Data provided:
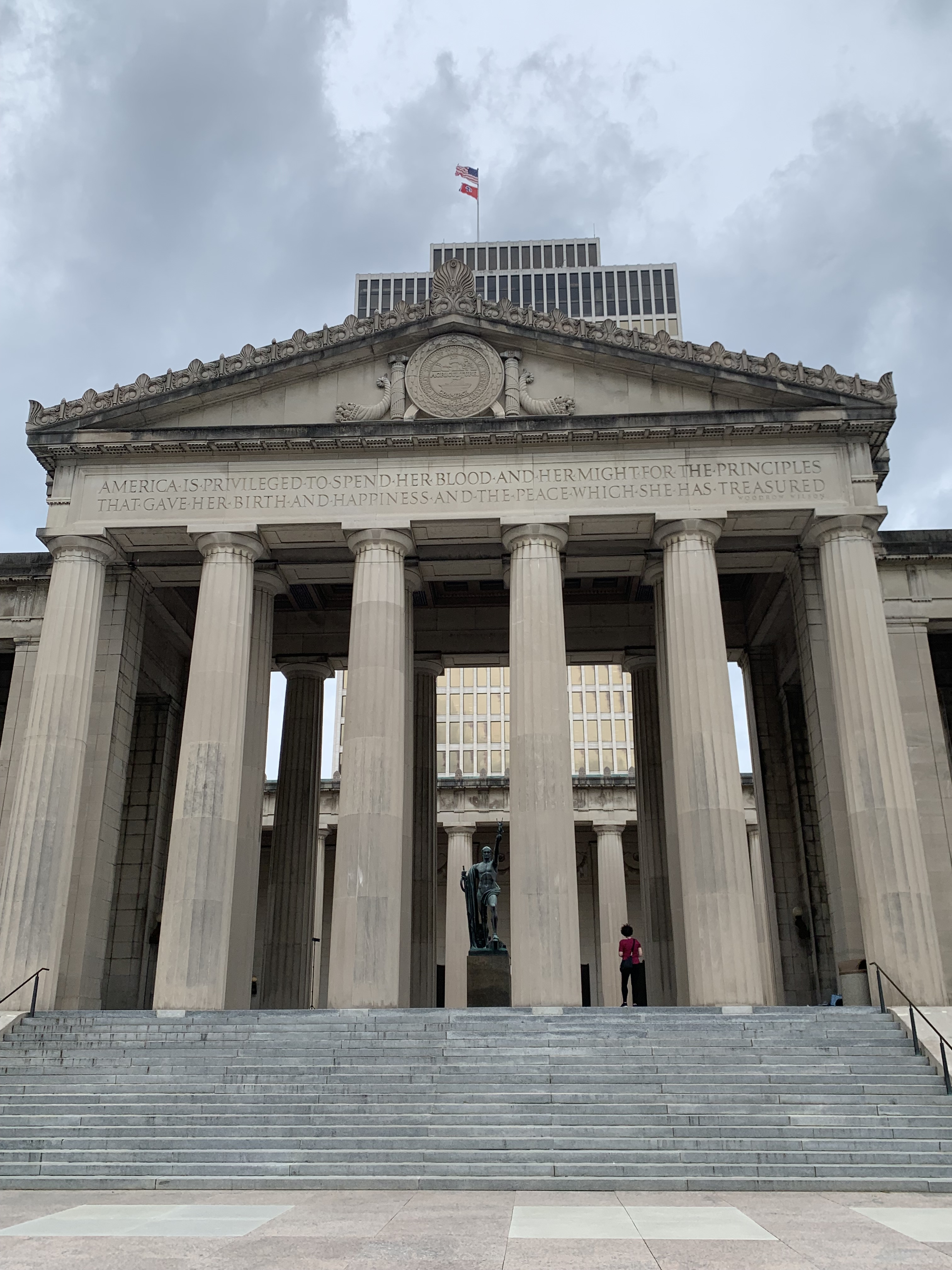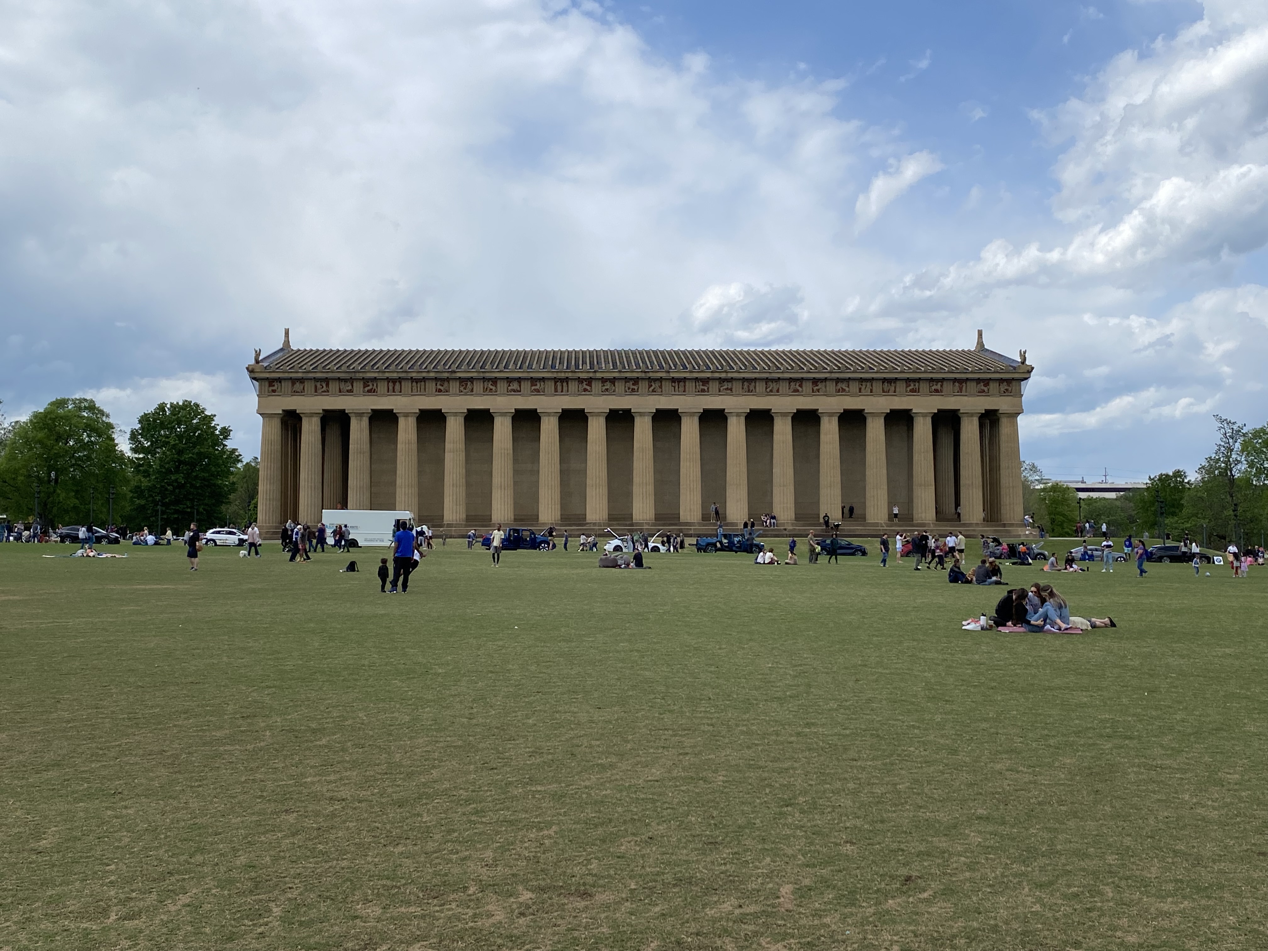 Il se trouve au Centennial Park de Nashville et c’est la seule réplique grandeur nature au Monde du Parthénon d’origine à Athènes. Il a été réalisé dans le cadre de l’exposition centenaire du Tennesse et sert aujourd’hui de musée d’art, dont la pièce maitresse est une sculpture de presque 13m d’Athéna Parthénos, la plus haute sculpture en intérieur d’Amérique du Nord. Nous n’en avons fait que le tour extérieur, et avons ensuite laissé le petit jouer au playground du parc, qui n’a pas grands autres atouts par ailleurs. Le jeu fut néanmoins bref, le ciel étant devenu subitement très capricieux… !
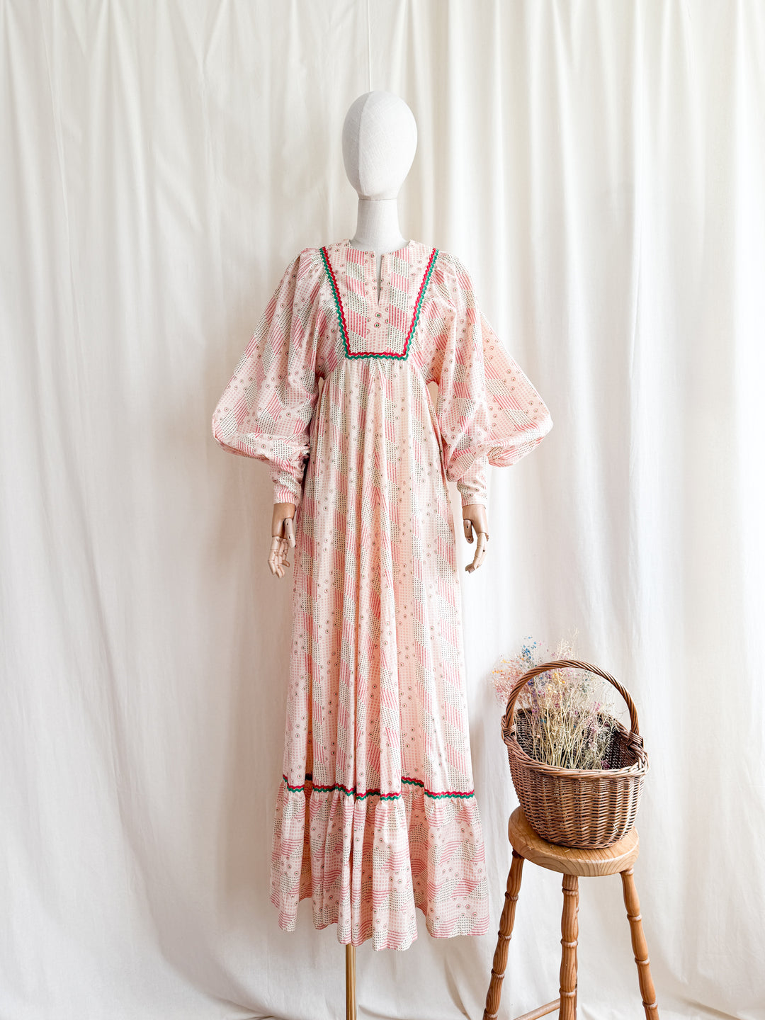 Stunning Holy Grail Rare 70s Handmade Cotton Billowing Sleeve Maxi Dress
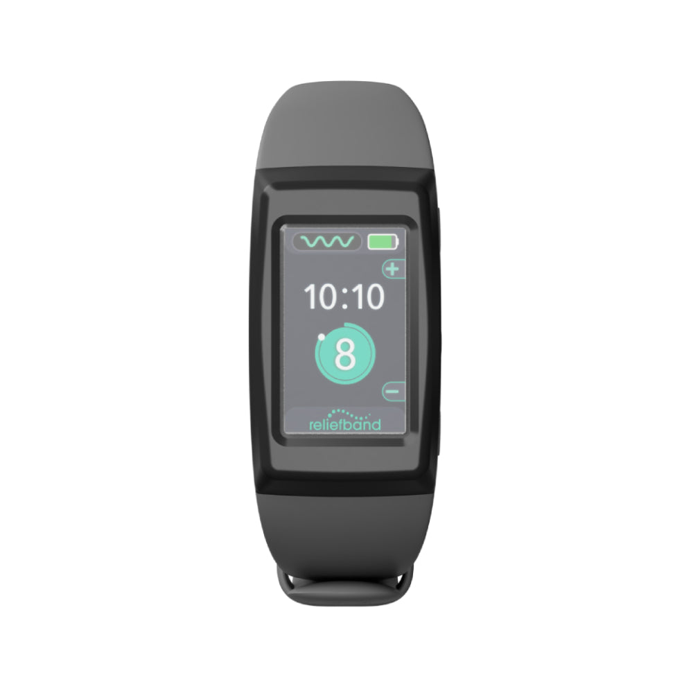 - One (1) Reliefband Premier+ nausea relief device in Charcoal
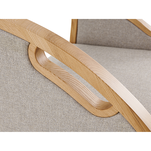 【材質(zhì)說明】: 扶手外框采用A級(jí)白蠟?zāi)局谱?,木扶手?jīng)開料、造型、打磨、噴漆制作;座背軟包可選配布紋及皮革軟包。
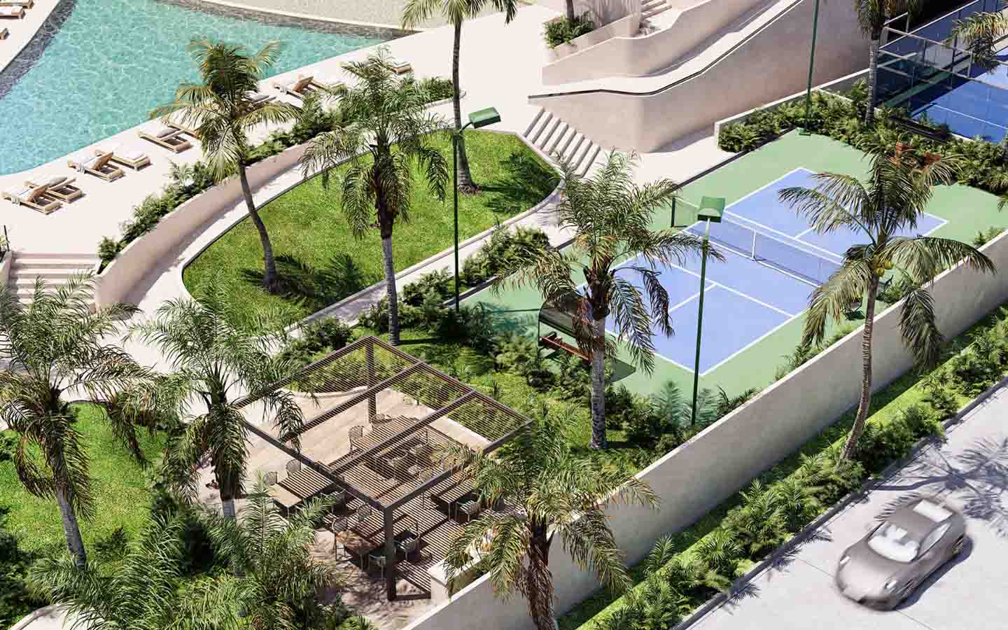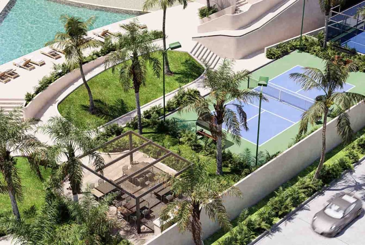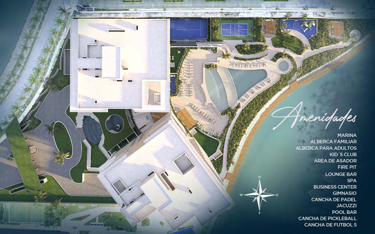 Marina, albercas (familiar y adultos), kid’s club, pet park, spa, gym, business center, pádel, pickleball, fútbol 5, lounge/pool bar, jacuzzi y seguridad 24/7.
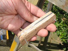 Next step will be to shape the handle and drill the holes for the steel rods that will keep everything together.
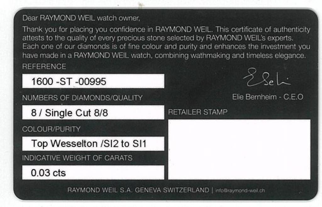 Raymond Weil Shine Diamond Ladies Watch | First State Auctions
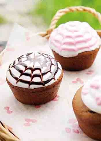 蛋糕在棉花糖糊裏蘸下,用刮刀抹去尖頭,擠上一圈圈巧克力醬,用牙籤放射狀拉出花紋即可。
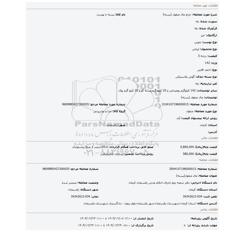 | شرح مورد معامله: حراج مال منقول (پسته) | نام کالا: پسته با پوست | |
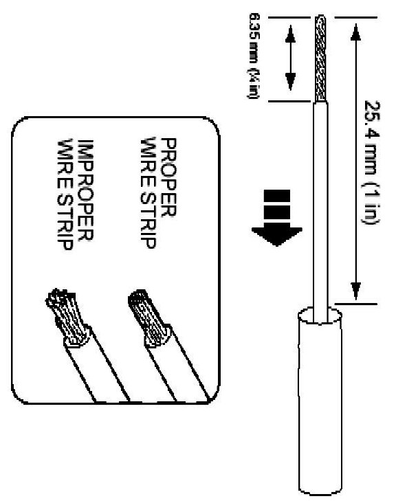 2. Strip 6.35mm (1/4 in) of insulation from each wire end, taking care not to nick or cut wire strands.
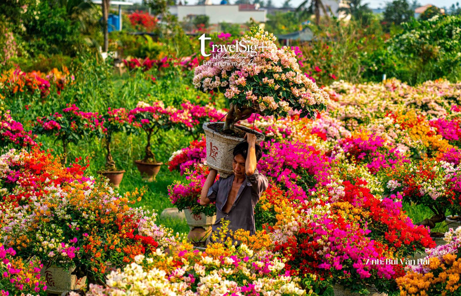 Du khách đến đây không chỉ để chiêm ngưỡng hoa, mà còn có cơ hội tìm hiểu quy trình chăm sóc, nhân giống và tạo dáng hoa giấy. Mỗi công đoạn đều đòi hỏi sự tỉ mỉ, kiên nhẫn và kinh nghiệm lâu năm. Bởi thế, mỗi chậu hoa giấy không chỉ là sản phẩm làm đẹp không gian, mà còn là kết tinh của lao động và tâm huyết.
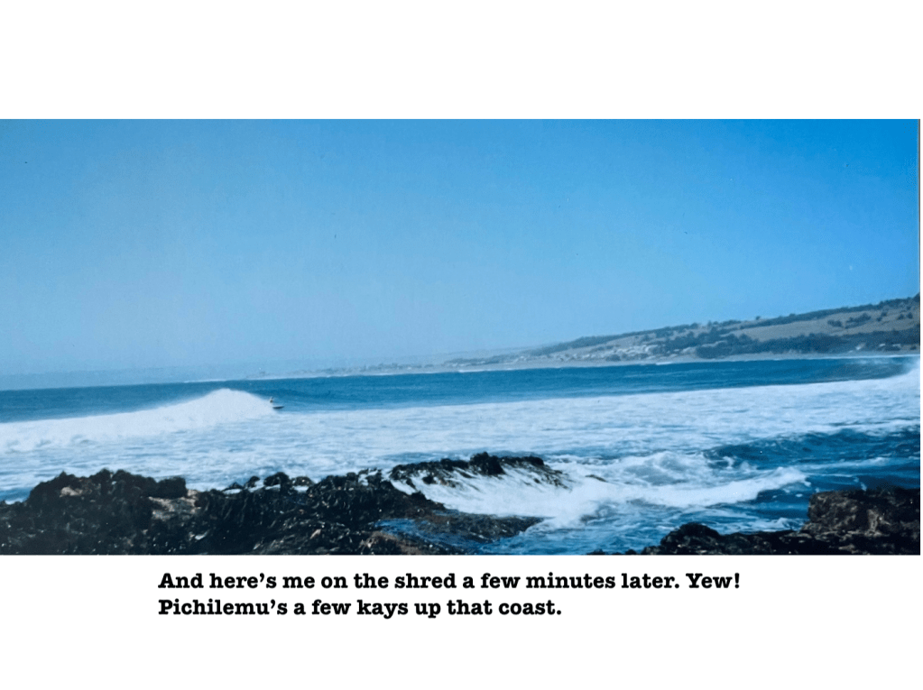 My second last day in Chile began with breakfast at Dario and Maribel’s, then a short walk to meet the early bus back to the main road. From there I took another bus to backtrack sixty kays south to a great little seaside village called Pichilemu. I’d come here with Sunara for the last days of our two-month, eight-thousand-kilometre journey from Cusco, Peru, through Bolivia, then through Chile from the Atacama Desert to Patagonia and back.
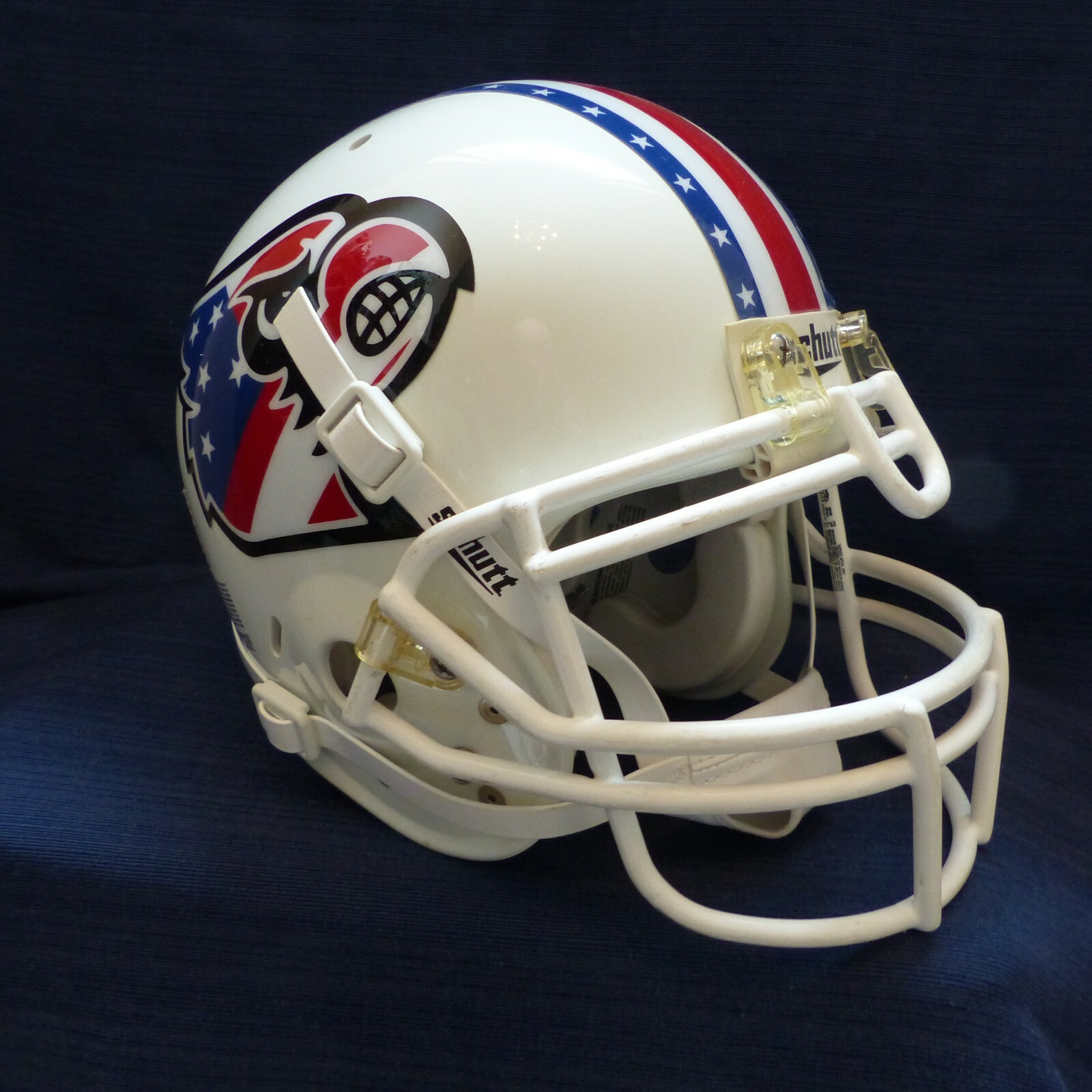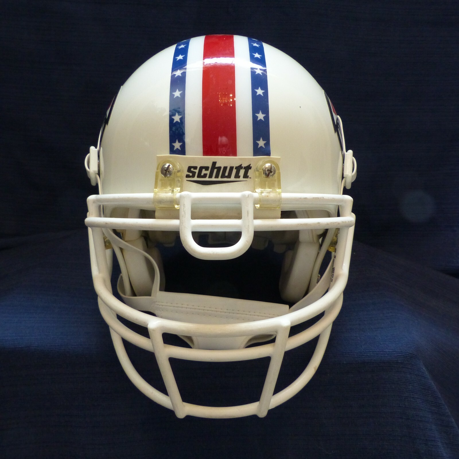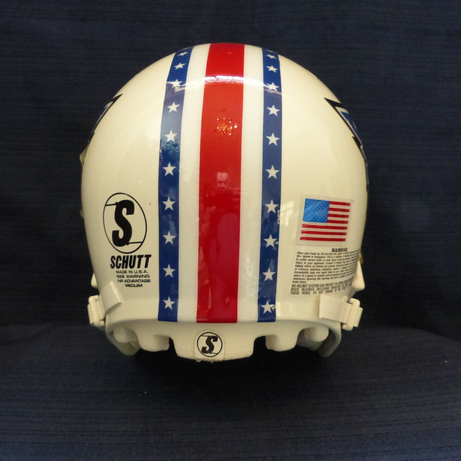 FOR SALE IS A SCHUTT AIR ADVANTAGE, SIZE MEDIUM USED FOOTBALL HELMET WITH CUSTOM " LOUISVILLE CARDINALS " 2010 9/11 MEMORIAL DECALS THEY WORE VS EASTERN KENTUCKY. THIS HELMET COMES COMPLETE STARTING WITH IT'S ORIGINAL WHITE SHELL AND INCLUDES ALL IT'S INNER AIR AND SIZING PADS, TWO 3/4" JAW PADS AND A WHITE HIGH HOOK UP SOFT CUP CHIN STRAP ALONG WITH A WHITE ROPO-UB RB/DB STYLE FACEMASK MOUNTED. PLEASE NOTE THAT THIS IS A REAL, GAMES USED FOOTBALL HELMET THAT DOES SHOW SOME SIGNS OF USE VS OTHER REPLICA HELMETS NEVER MEANT FOR CONTACT OR THAT HAVE FAKE PADDING. PLEASE NOTE, THAT THIS HELMET IS BEING SOLD HERE AS A DISPLAY ONLY.
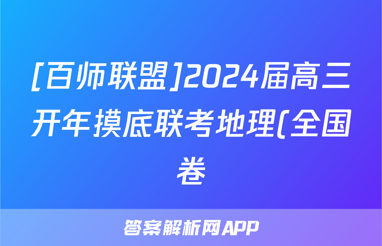 [百师联盟]2024届高三开年摸底联考地理(全国卷)答案正在持续更新,目前大联考答案为大家整理了相关试题及答案,供大家查缺补漏,高效提升成绩。
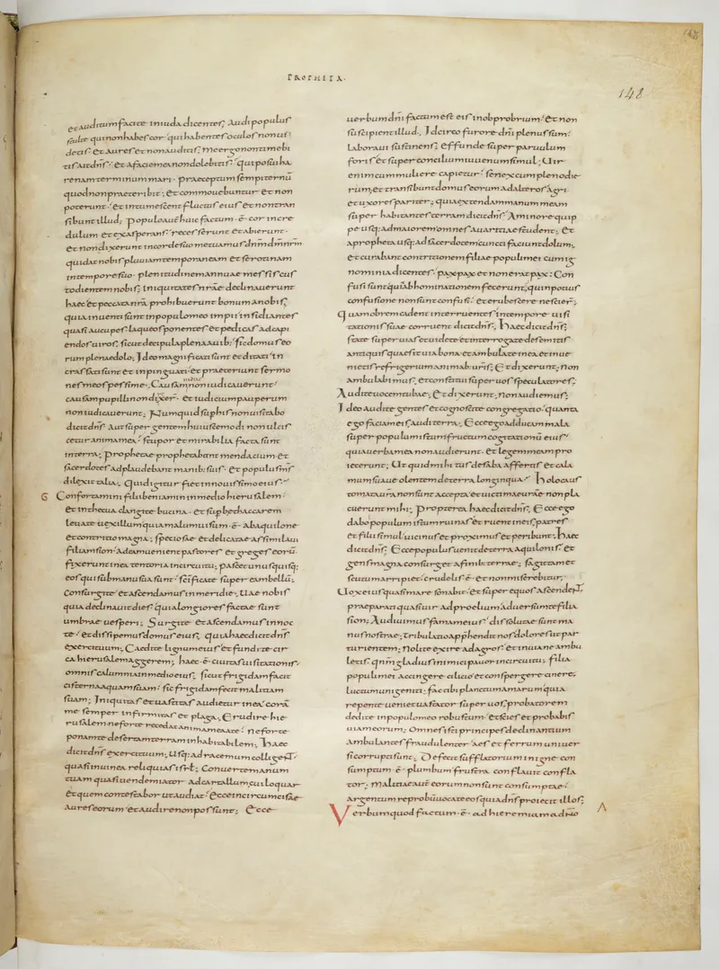 Folio 303 of the First Bible of Charles the Bald, an extant Carolingian Vulgate manuscript from the Tours scriptorium (c. 845). Approximately corresponds to Job 9 in Vulgate book order. The folio shows the actual ninth-century Latin text and decoration as it would have been read in the Carolingian court.

About this exercise: Your copy must start at the line that holds "蛋糕在棉花糖糊裏蘸下,用刮刀" and end at the last line of the data, both included; it must contain no pictures.

Task response:
 蛋糕在棉花糖糊裏蘸下,用刮刀抹去尖頭,擠上一圈圈巧克力醬,用牙籤放射狀拉出花紋即可。
 | شرح مورد معامله: حراج مال منقول (پسته) | نام کالا: پسته با پوست | |
 2. Strip 6.35mm (1/4 in) of insulation from each wire end, taking care not to nick or cut wire strands.
 Du khách đến đây không chỉ để chiêm ngưỡng hoa, mà còn có cơ hội tìm hiểu quy trình chăm sóc, nhân giống và tạo dáng hoa giấy. Mỗi công đoạn đều đòi hỏi sự tỉ mỉ, kiên nhẫn và kinh nghiệm lâu năm. Bởi thế, mỗi chậu hoa giấy không chỉ là sản phẩm làm đẹp không gian, mà còn là kết tinh của lao động và tâm huyết.
 My second last day in Chile began with breakfast at Dario and Maribel’s, then a short walk to meet the early bus back to the main road. From there I took another bus to backtrack sixty kays south to a great little seaside village called Pichilemu. I’d come here with Sunara for the last days of our two-month, eight-thousand-kilometre journey from Cusco, Peru, through Bolivia, then through Chile from the Atacama Desert to Patagonia and back.
 FOR SALE IS A SCHUTT AIR ADVANTAGE, SIZE MEDIUM USED FOOTBALL HELMET WITH CUSTOM " LOUISVILLE CARDINALS " 2010 9/11 MEMORIAL DECALS THEY WORE VS EASTERN KENTUCKY. THIS HELMET COMES COMPLETE STARTING WITH IT'S ORIGINAL WHITE SHELL AND INCLUDES ALL IT'S INNER AIR AND SIZING PADS, TWO 3/4" JAW PADS AND A WHITE HIGH HOOK UP SOFT CUP CHIN STRAP ALONG WITH A WHITE ROPO-UB RB/DB STYLE FACEMASK MOUNTED. PLEASE NOTE THAT THIS IS A REAL, GAMES USED FOOTBALL HELMET THAT DOES SHOW SOME SIGNS OF USE VS OTHER REPLICA HELMETS NEVER MEANT FOR CONTACT OR THAT HAVE FAKE PADDING. PLEASE NOTE, THAT THIS HELMET IS BEING SOLD HERE AS A DISPLAY ONLY.
 [百师联盟]2024届高三开年摸底联考地理(全国卷)答案正在持续更新,目前大联考答案为大家整理了相关试题及答案,供大家查缺补漏,高效提升成绩。
 Folio 303 of the First Bible of Charles the Bald, an extant Carolingian Vulgate manuscript from the Tours scriptorium (c. 845). Approximately corresponds to Job 9 in Vulgate book order. The folio shows the actual ninth-century Latin text and decoration as it would have been read in the Carolingian court.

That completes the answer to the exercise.